Algunas veces Blanca nos habla de los hombres que han pasado por su vida. Desde Javier, el compañero de preparatorio del I.A.V.A., un muchacho con ideas revolucionarias, que le hablaba de Marx y de Engels como si fueran dos compañeros más de clases, con quien vivió el romance más apasionado y sincero que recuerda. Cuando después de clases eran los últimos en salir para perderse en los salones desiertos y oscuros, donde hacían el amor apurados, antes de que algún bedel los descubriera. Aquel fue un romance inolvidable, nos dice, sin intereses superficiales, sin anteponer nada a aquel amor recién estrenado. Eran solamente ella y él. Después crecieron. Se perdieron en la vida por distintas sendas. Un día se enteró que Javier era uno más a engrosar la lista de los desaparecidos en el país. Lo lloró sin lágrimas. Con el corazón desolado.
Los demás son hombres de paso. Con limitaciones. Yo te doy si tú me das. Solteros que no tienen interés en que una psiquiatra los estudie. Casados que solamente les basta su compañía cada diez o quince días para llevarla al teatro, a cenar y al hotel. Con el único motivo de reafirmar ante sí mismos, su libertad y su machismo.
Ella aceptó el juego desde el vamos Y entre el desencanto de no haber sido capaz de conquistar un hombre que la amara bajo sus reglas y los enigmas y frustraciones que sus pacientes psiquiátricos le llevan diariamente al consultorio, antes de perder ella misma la razón, viene a casa a reunirse con nosotras cada último jueves del mes; a liberar su espíritu y a hacer catarsis, para poder seguir viviendo en este mundo donde también ella, en más de una ocasión, se ha encontrado perdida.

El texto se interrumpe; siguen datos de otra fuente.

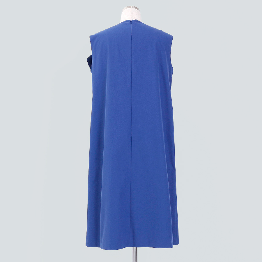 鮮やかな色が印象的なノースリーブワンピース。
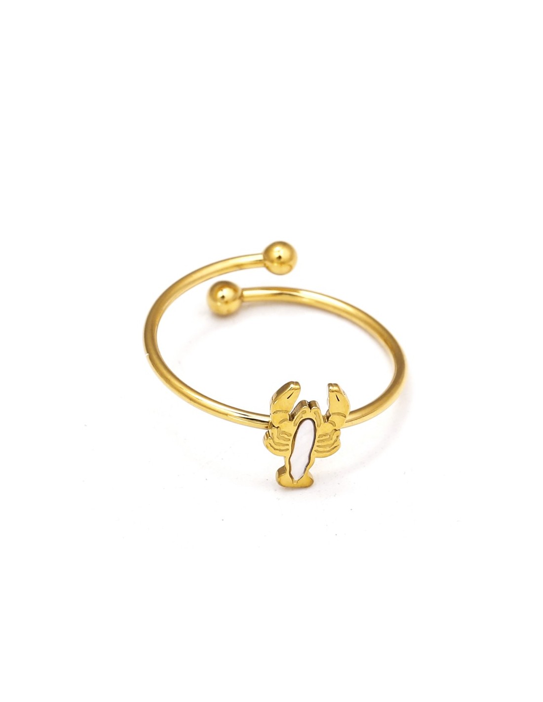 Anillo con diseño de langosta presenta una incrustación central de nácar. Contornos suaves y acabado brillante que combinan el brillo natural del nácar con un estilo marino elegante.
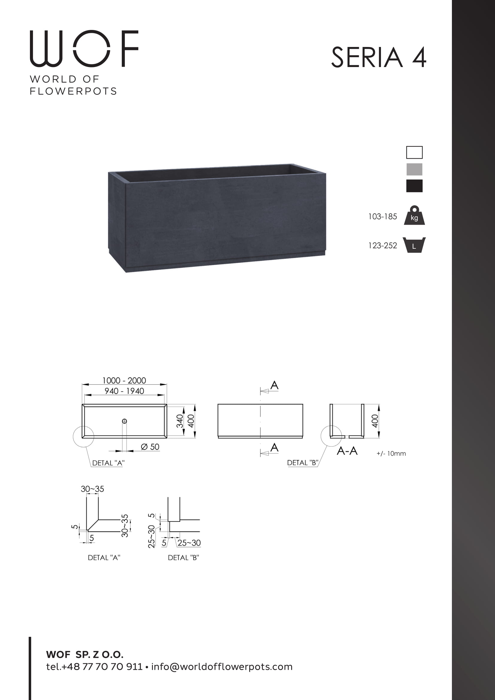 Eine zusätzliche Besonderheit des Seria 4 Beton Blumenkasten ist das individuell anpassbare Fassungsvermögen, das mit der Wahl der Länge des Kastens von 1000 bis 2000 mm erweitert werden kann. Das macht den Pflanzkübel Beton noch einmal flexibler gegenüber seiner Umwelt und der Bepflanzung. Mit dem Seria 4 erwerben Sie aufgrund seines robusten Materials außerdem ein wahres Qualitätsprodukt. Der Betonstein garantiert eine lange Lebensdauer. Der Pflanzkübel Beton ist des Weiteren frostbeständig sowie UV-resistent und somit sowohl für den Garten als auch für den Wintergarten einwandfrei geeignet. Bepflanzt hat der Seria 4 durch sein Betonmaterial zudem ein starkes Eigengewicht. Zusammen mit seiner schnittigen, ebenen Form kann daher auch ein schwerer Sturm den Beton Blumenkasten nicht aus seiner Balance bringen. Dadurch hält der hartnäckige Pflanzkübel Beton Wind und Wetter stand. Aufgrund dessen und durch die individuell festlegbare Länge kann der Beton Blumenkasten im Außenbereichen auch super als Begrenzung verwendet werden, beispielsweise bepflanzt mit Kräutern als Säumung von Beetbereichen. Insgesamt ist der Seria 4 die perfekte Wahl sowohl für die kreative Gestaltung des Gartens als auch zum Ausschöpfen praktischer Möglichkeiten.
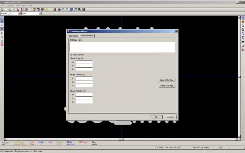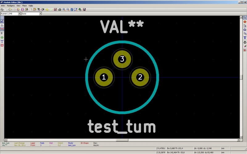 Skapa modul/footprint i KiCad:s modul-editor för Test_tum

Blanca no falta nunca a las citas mensuales, o por lo menos trata de no faltar. Yo siempre estoy en casa y Valentina si algún día no viniera es porque ha matado a alguien. De manera que cuando tarda un poco en llegar, nos ponemos muy nerviosas imaginando lo que pudo haberle sucedido. Estas son mis dos amigas recuperadas hace unos años y que tengo la seguridad de no volver a perder. Creo haber contado los rasgos y los detalles más importantes de la vida de cada una.
XIV 
Pues bien, y yo soy Paula. Como mis amigas he pasado los cincuenta. No me pesan. Nunca me han pesado los años. Nací en el Prado en una casa antigua, carente de abolengo, de una calle cortada y sin prosapia. Vieja y querida casa que hicieron mis abuelos, los padres de mi madre, allá por los años de 1930. Mi abuelo Juan era un gallego, nacido en Lugo, que vino a nuestro país desde Galicia en 1904. El mismo año en que en el Brasil moría Aparicio Saravia y aquí gobernaba la república José Batlle y Ordóñez. Tenía apenas trece años cuando llegó de España de polizón en un barco de pasajeros. Escondido entre los botes salvavidas, durante un mes disputó con las ratas las sobras de comida que los cocineros tiraban en los tarros de basura.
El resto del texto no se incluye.